2 Making an image "community". *This feature is only available since
Ocata.* This makes an image available to all users of a cloud, but
unlike a "public" image, it does not appear in the default image-list
response of any user (other than the owner). It is governed by the
'communitize_image' policy, which is unrestricted by default.
3 Making an image "shared". Glance allows project-to-project image
sharing, in which a user in project A shares an image with project B
by making project B a *member* of the image. The ability to do this
is governed by the 'add_member' policy, which is unrestricted by
default.
* Project-to-project sharing is the default, based on the
'owner_is_tenant' configuration setting in Glance. In a cloud
configured so that 'owner_is_tenant' is false, image sharing is
user-to-user. This is a cloud-wide configuration, users may not
determine whether sharing is project-to-project or owner-to-owner.
Note that what has been discussed so far is independent of the specific
vulnerability discussed in this notice. We encourage cloud operators to
review their current settings for the policies mentioned above. In
particular, we recommend that the 'publicize_image' policy be restricted
to admins (as it has been by default since the Juno release) so that
users can rely on the trustworthiness of a "public" image.

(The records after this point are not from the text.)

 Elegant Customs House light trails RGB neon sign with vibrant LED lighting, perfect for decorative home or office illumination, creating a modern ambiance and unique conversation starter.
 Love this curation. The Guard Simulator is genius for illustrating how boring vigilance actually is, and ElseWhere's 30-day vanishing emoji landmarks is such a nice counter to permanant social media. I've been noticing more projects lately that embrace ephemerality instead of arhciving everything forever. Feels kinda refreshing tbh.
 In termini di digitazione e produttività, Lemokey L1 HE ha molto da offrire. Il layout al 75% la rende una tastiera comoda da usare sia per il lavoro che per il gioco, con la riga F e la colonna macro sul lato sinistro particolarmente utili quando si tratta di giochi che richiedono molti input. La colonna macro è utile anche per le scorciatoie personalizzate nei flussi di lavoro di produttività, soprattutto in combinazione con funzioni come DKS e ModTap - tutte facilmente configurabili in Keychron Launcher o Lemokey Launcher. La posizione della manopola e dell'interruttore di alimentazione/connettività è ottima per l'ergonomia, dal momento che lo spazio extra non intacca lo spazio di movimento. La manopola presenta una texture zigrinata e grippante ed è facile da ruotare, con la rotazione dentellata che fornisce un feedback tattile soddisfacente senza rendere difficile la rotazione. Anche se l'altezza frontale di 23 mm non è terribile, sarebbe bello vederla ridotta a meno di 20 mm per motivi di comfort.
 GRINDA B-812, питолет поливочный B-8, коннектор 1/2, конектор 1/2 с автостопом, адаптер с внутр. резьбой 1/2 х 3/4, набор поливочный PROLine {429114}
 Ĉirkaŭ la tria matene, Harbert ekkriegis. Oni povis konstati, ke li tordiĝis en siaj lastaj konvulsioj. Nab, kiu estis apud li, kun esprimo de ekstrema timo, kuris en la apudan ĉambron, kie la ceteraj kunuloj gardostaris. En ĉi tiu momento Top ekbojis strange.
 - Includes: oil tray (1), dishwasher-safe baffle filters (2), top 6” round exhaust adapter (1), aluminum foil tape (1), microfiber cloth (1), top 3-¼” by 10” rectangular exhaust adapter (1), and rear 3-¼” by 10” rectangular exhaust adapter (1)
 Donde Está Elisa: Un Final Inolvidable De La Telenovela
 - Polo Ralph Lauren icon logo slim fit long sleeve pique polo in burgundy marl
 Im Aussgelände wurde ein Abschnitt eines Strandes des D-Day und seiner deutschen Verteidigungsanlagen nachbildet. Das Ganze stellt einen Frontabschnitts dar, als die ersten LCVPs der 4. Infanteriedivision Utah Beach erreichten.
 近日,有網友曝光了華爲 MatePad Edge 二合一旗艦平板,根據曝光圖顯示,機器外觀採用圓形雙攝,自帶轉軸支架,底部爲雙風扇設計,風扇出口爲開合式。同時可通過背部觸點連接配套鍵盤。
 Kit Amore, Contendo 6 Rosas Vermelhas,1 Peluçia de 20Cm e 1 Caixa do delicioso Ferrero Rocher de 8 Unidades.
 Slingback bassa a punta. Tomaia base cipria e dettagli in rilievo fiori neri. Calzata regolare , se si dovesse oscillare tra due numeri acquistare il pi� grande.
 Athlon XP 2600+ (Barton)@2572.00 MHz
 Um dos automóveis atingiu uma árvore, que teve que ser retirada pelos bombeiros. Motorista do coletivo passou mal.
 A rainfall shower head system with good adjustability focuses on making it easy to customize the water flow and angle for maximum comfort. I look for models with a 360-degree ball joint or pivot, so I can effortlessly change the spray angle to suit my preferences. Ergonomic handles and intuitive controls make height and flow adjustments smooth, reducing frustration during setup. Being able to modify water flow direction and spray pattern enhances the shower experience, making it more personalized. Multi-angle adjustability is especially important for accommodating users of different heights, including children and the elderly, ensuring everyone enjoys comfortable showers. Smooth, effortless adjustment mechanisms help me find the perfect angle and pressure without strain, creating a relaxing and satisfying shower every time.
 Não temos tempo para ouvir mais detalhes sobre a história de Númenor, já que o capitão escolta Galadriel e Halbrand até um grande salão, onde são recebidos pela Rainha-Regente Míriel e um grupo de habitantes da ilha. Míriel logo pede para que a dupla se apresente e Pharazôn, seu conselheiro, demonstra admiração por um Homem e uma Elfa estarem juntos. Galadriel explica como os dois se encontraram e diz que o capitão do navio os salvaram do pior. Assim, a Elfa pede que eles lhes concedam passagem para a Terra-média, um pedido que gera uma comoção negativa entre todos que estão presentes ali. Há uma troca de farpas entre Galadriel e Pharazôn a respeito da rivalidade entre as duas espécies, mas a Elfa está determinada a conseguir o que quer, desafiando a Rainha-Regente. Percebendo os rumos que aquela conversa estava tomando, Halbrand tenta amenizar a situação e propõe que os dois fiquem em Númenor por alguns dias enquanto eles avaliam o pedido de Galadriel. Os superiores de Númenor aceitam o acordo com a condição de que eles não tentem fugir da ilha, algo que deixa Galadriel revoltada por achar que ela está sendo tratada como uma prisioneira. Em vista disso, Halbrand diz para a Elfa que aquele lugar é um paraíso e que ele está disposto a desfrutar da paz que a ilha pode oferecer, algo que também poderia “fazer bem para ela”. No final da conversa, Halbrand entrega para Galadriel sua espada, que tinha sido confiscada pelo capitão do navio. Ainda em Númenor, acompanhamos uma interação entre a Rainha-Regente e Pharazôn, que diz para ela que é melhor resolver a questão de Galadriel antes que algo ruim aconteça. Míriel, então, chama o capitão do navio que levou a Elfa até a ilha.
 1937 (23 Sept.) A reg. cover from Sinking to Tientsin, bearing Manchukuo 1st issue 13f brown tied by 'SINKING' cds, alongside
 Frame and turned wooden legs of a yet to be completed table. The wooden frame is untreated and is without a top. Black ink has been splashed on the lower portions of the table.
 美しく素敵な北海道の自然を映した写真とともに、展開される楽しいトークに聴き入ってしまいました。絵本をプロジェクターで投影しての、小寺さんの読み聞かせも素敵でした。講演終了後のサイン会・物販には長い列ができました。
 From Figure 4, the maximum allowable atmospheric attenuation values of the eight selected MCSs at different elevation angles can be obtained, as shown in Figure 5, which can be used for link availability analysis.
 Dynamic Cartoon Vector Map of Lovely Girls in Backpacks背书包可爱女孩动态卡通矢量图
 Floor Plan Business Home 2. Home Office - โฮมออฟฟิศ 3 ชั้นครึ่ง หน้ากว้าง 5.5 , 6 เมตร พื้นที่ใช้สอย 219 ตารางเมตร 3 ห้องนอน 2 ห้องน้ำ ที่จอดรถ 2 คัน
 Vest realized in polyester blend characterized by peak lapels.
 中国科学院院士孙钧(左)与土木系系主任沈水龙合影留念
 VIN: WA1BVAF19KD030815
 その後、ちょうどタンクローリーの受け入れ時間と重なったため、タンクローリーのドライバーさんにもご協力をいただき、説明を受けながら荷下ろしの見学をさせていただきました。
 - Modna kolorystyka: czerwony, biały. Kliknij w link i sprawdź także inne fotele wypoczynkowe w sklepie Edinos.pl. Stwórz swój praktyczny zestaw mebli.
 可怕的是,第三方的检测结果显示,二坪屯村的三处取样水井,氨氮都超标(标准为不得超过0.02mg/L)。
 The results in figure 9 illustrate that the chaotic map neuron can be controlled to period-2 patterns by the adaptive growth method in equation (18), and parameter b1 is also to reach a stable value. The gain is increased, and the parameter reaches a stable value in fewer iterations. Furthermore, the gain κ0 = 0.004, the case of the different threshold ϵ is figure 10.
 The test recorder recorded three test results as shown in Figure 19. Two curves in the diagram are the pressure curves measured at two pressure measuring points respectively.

With respect to the image location vulnerability described above, we
recommend that operators review the settings of the following
configuration options and policies:
* The configuration option 'show_multiple_locations'. If this is set to
False, this attack vector is not available.
* The policy 'set_image_location'. When 'show_multiple_locations' is
set to True, we recommend that this policy be restricted to
administrators, and if necessary, to trusted users. It is currently
unrestricted by default.
* The policies 'get_image_location' and 'delete_image_location'. These
policies are unrestricted by default (but note that if
'show_multiple_locations' is False, they do not come into play).
Additionally, image consumers should be encouraged to checksum images
they consume and compare the result to the 'checksum' field in the
response from the Images API.
Finally, in addition to reviewing the specific location policy targets
mentioned above, we encourage operators to review the 'default' target
in their Glance policy.json file. This target is used when the software
references a policy target that is not specifically defined in the
policy.json file, as may happen when new targets are introduced in the
software but the policy file being used is from a prior release. Since
Newton, Glance has shipped with "default":"role:admin", but prior to
that, Glance shipped with "default":"", which would make any target not
specifically mentioned in the file unrestricted.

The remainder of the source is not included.